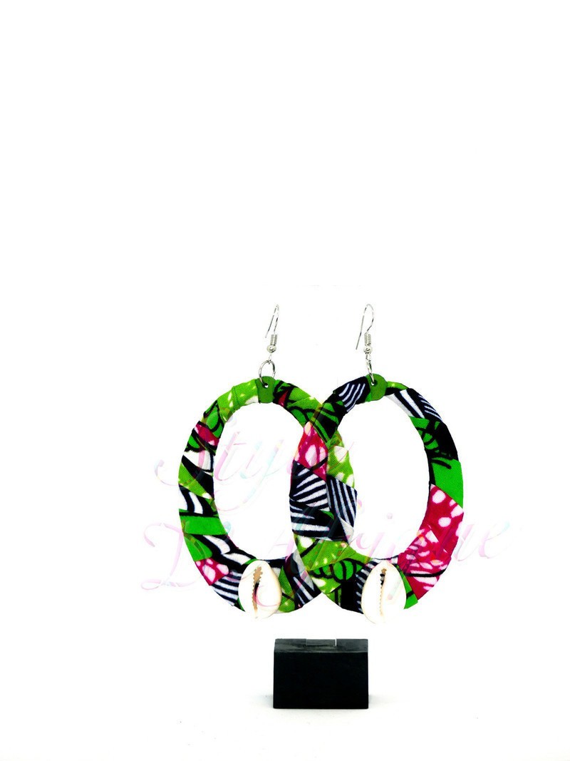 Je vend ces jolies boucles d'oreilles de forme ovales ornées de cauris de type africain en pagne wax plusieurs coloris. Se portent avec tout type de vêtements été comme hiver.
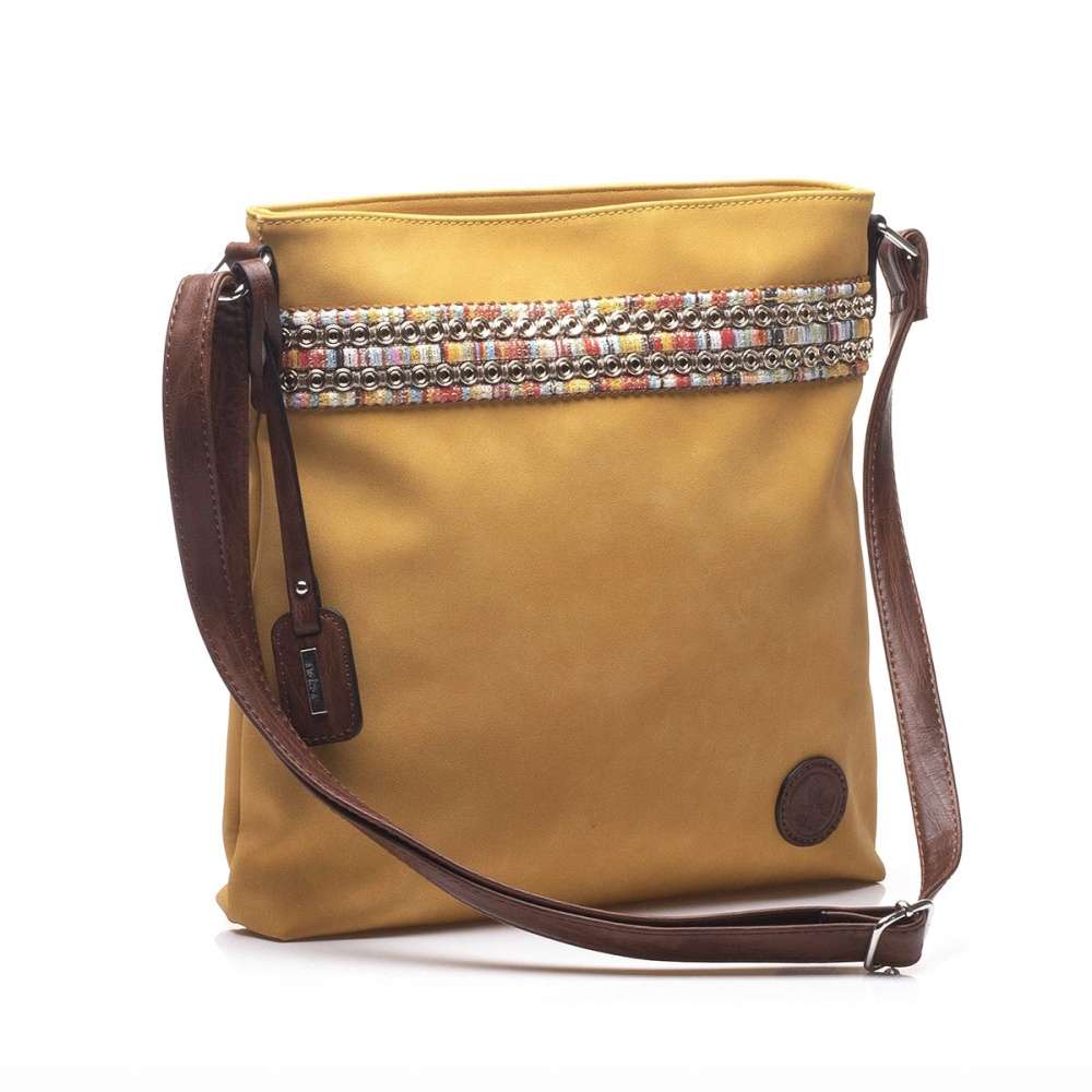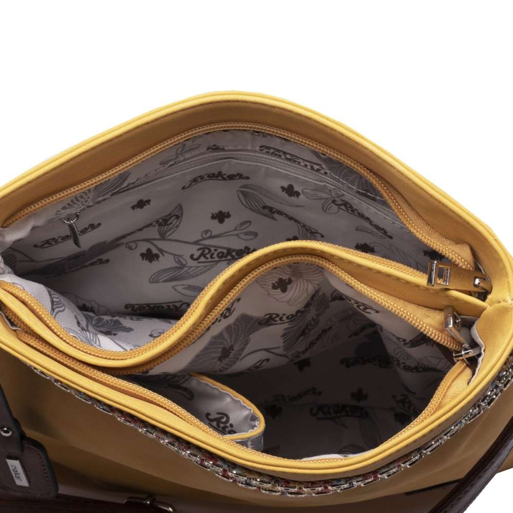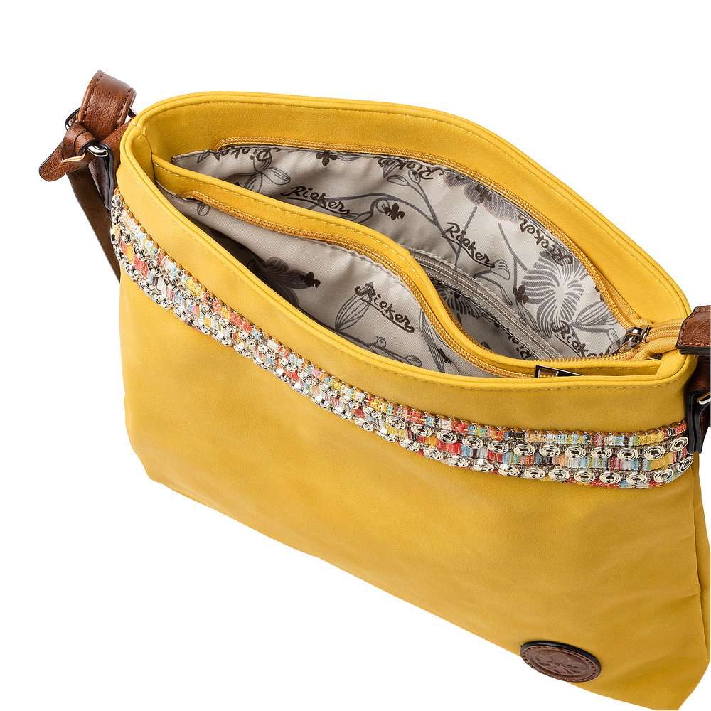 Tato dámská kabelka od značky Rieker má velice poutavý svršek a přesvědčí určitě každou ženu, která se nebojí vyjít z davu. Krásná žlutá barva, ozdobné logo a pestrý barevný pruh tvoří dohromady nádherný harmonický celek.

...

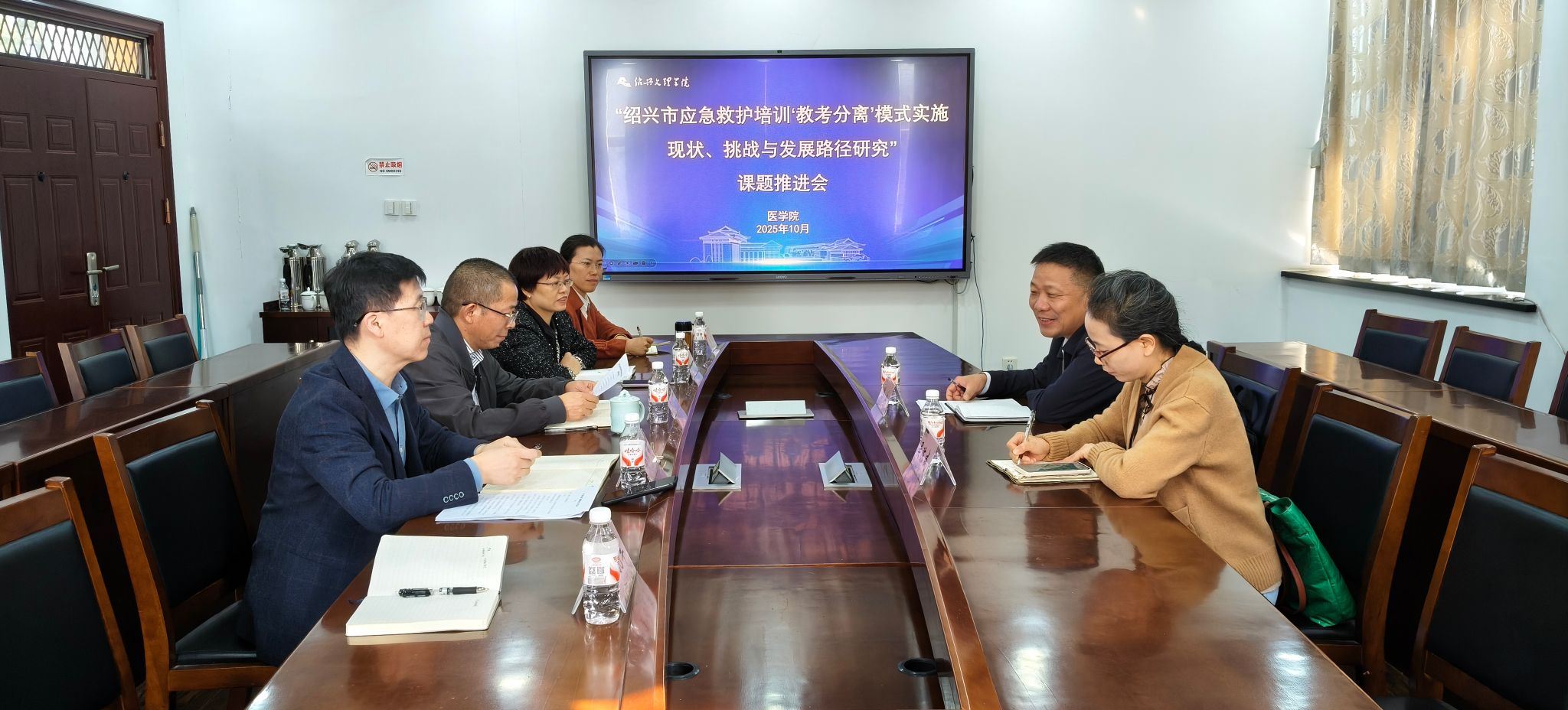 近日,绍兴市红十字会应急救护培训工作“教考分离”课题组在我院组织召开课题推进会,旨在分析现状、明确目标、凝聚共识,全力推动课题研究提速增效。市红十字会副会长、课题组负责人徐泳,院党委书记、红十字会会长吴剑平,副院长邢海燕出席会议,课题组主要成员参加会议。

...

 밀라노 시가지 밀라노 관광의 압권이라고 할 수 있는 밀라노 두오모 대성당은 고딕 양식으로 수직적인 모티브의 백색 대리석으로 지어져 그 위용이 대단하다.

● **Assigned task**
What is needed is an exact copy of the lines above from the one with "Je vend ces" to the one with "Tato dámská kabelka", both ends kept, and nothing more; please leave the pictures out.

● **Solution for this exercise**
 Je vend ces jolies boucles d'oreilles de forme ovales ornées de cauris de type africain en pagne wax plusieurs coloris. Se portent avec tout type de vêtements été comme hiver.
 Tato dámská kabelka od značky Rieker má velice poutavý svršek a přesvědčí určitě každou ženu, která se nebojí vyjít z davu. Krásná žlutá barva, ozdobné logo a pestrý barevný pruh tvoří dohromady nádherný harmonický celek.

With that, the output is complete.